Marino Miccoli per www.lavocedelmarinaio.comUna vecchia quanto bella fotografia in bianco/nero risalente al 1932, che ho estratto dall’album di ricordi di mio padre Antonio, mi ha ispirato questo scritto. Nell’immagine si vedono diversi marinai (tra cui mio padre) sul ponte di prora della nave Leone Pancaldo, un esploratore della regia Marina, mentre solca le placide acque del suggestivo Canale di Corinto (Grecia).
In passato (VIII –VI sec. a.C.) Corinto era una grande e fiorente Polis greca, situata sull’istmo omonimo, che disponeva di due muniti porti e di una grande flotta, capace di rivaleggiare con le potenze dell’epoca: Sparta e Atene.

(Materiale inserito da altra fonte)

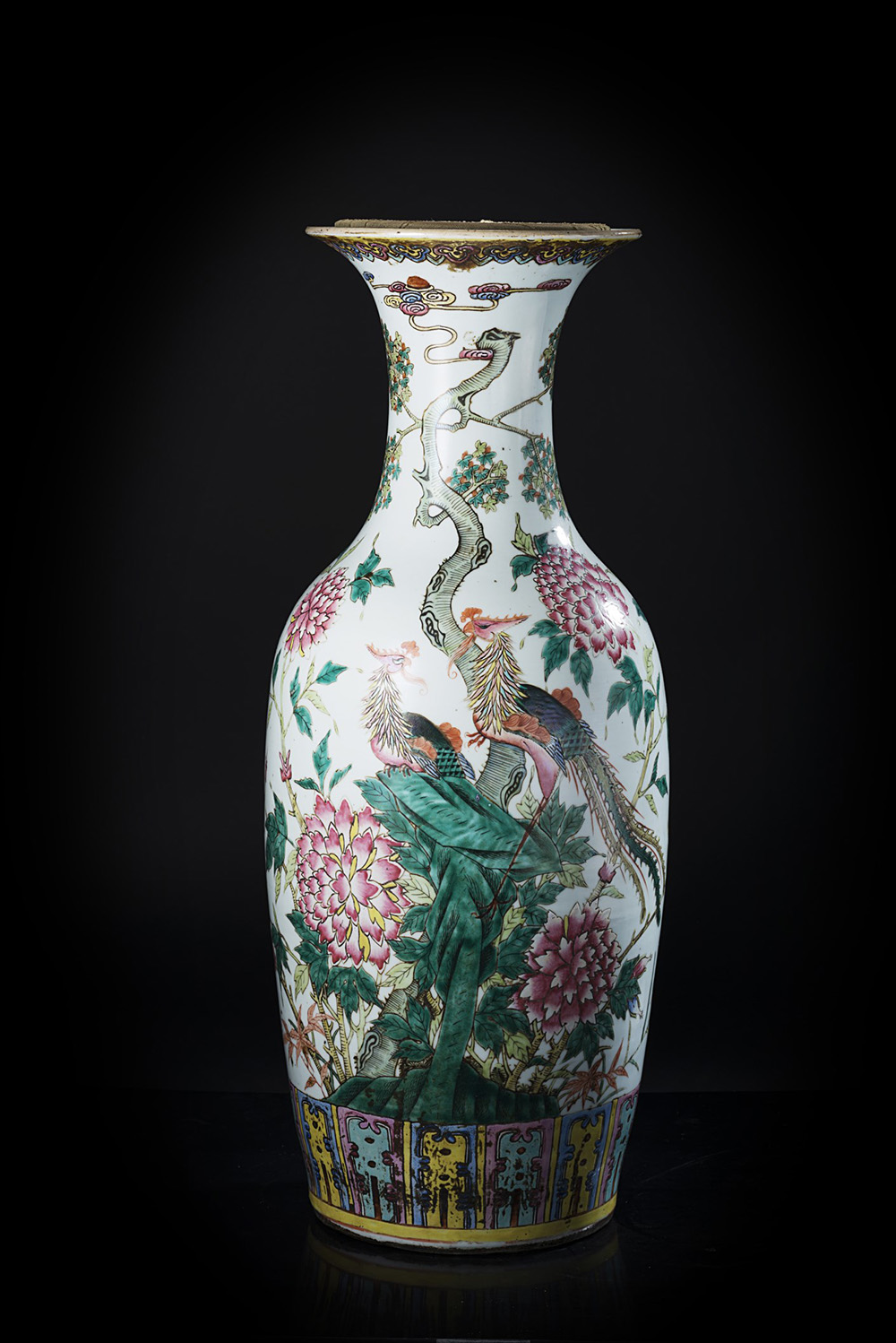 Vaso a balaustro in porcellana Famiglia Rosa decorato con coppia di fenici e fiori di peonia e con motivo ruyi Cina, sec. XIX A Famille Rose baluster vase, decorated with a pair of phoenix and peonies, a ruyi head border by the neck China, 19th century (h. 60 cm.)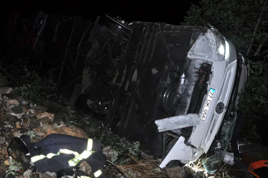 Antalya'dan Mersin yönüne giden Nihat Taşdemir yönetimindeki 77 DK 056 plakalı yolcu otobüsü, Antalya Gazipaşa'ya bağlı Zeytinada Mahallesi D-400 Karayolu'nda girdiği virajda saat 01.30 sıralarında sürücüsünün kontrolünü yitirmesi sonucu 25 metreden yuvarlandı.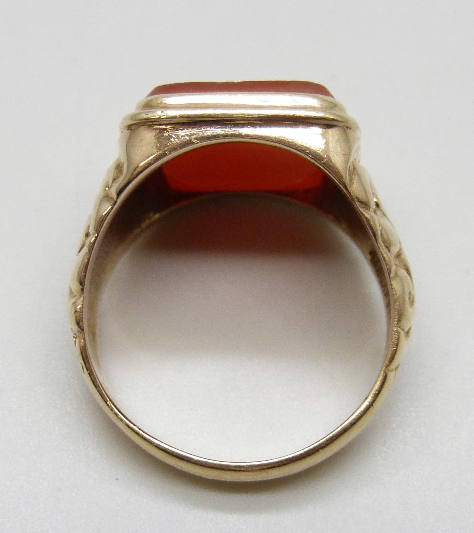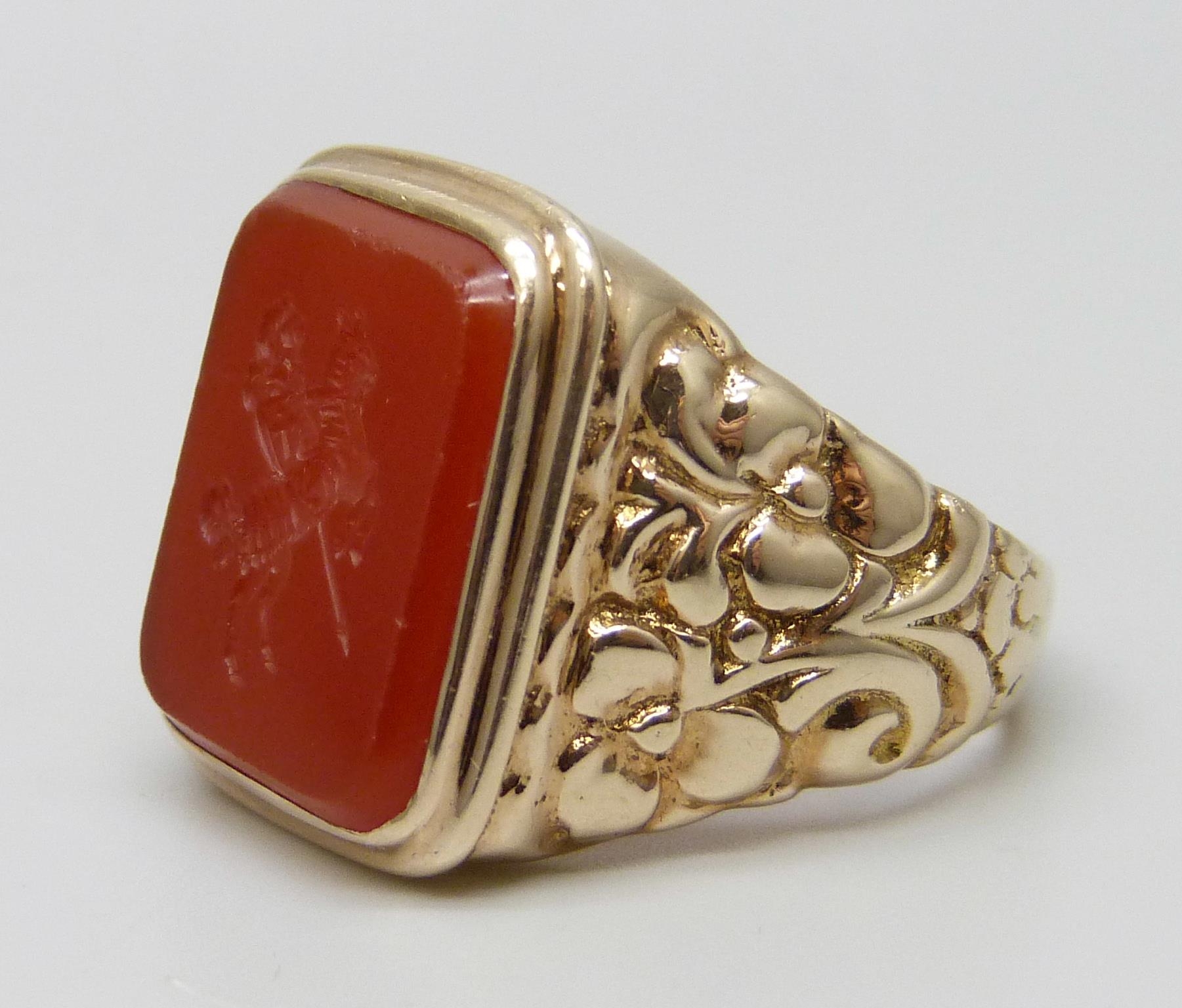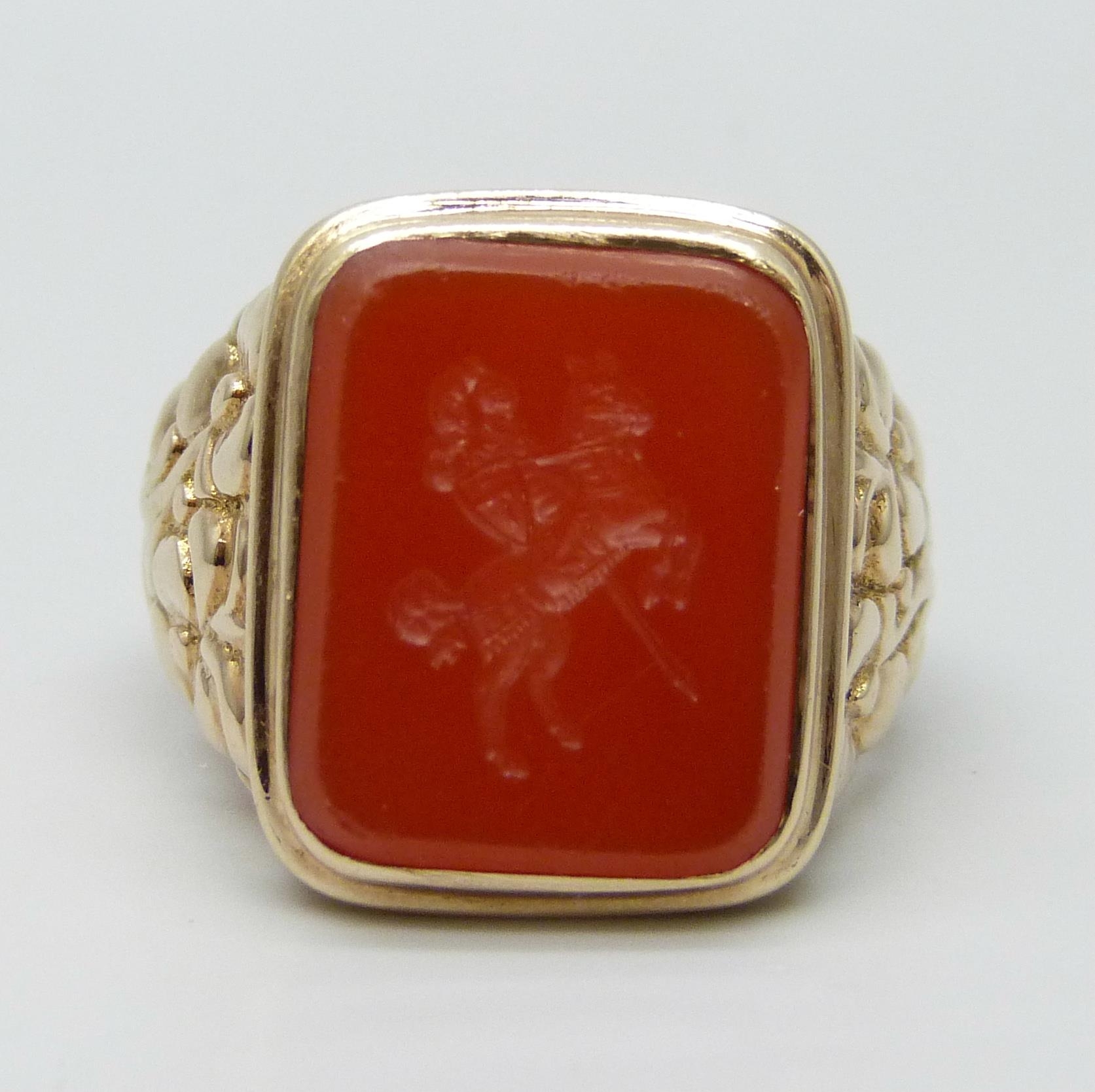 A 9ct gold ring set with a carnelian intaglio seal depicting a knight on horseback, 12.7g, X

capitello CORINZIOLa città di Siracusa fu fondata proprio da colòni Corinzi e la fiorente città diede il suo nome anche ad un particolare quanto elegantissimo stile architettonico: il Corinzio.
L’istmo di Corinto era una striscia di terra che separava il mar Ionio dal mar Egeo; ovvero congiungeva il Peloponneso all’Attica. La città ospitava con cadenza biennale i “Giochi Istmici”, delle popolari competizioni atletiche in onore del dio Poseidone, seconde per importanza soltanto alle celebri Olimpiadi.
Nel 146 a.C. il Console romano Lucio Mummio sconfisse a Leucopetra le truppe greche della Lega Achea; fu così che Corinto divenne l’ultimo rifugio dei Greci. Le legioni Romane, inarrestabili, presero la città, la saccheggiarono e dopo aver venduto come schiavi tutti gli abitanti la distrussero “a monito delle generazioni future”. Finiva in tal modo la gloriosa storia della ricca e potente città di Corinto. Giulio Cesare la ricostruì nel 44 a.C. e la ripopolò con colòni romani, facendone nuovamente una delle città più importanti della Grecia. Ai Corinzi san Paolo rivolse due sue pregevoli Lettere (nuovo Testamento).
Tornando a tempi più vicini, apprendiamo che i lavori di scavo del Canale di Corinto, iniziati sotto l’imperatore Nerone, furono ripresi nel 1881 e condotti a termine nel 1893. Un canale largo circa 25 metri, lungo 6370 metri e profondo 8 metri che a lavori ultimati mise in collegamento il mar Ionio e il mar Egeo, con grande beneficio per le comunicazioni navali e per le relazioni commerciali.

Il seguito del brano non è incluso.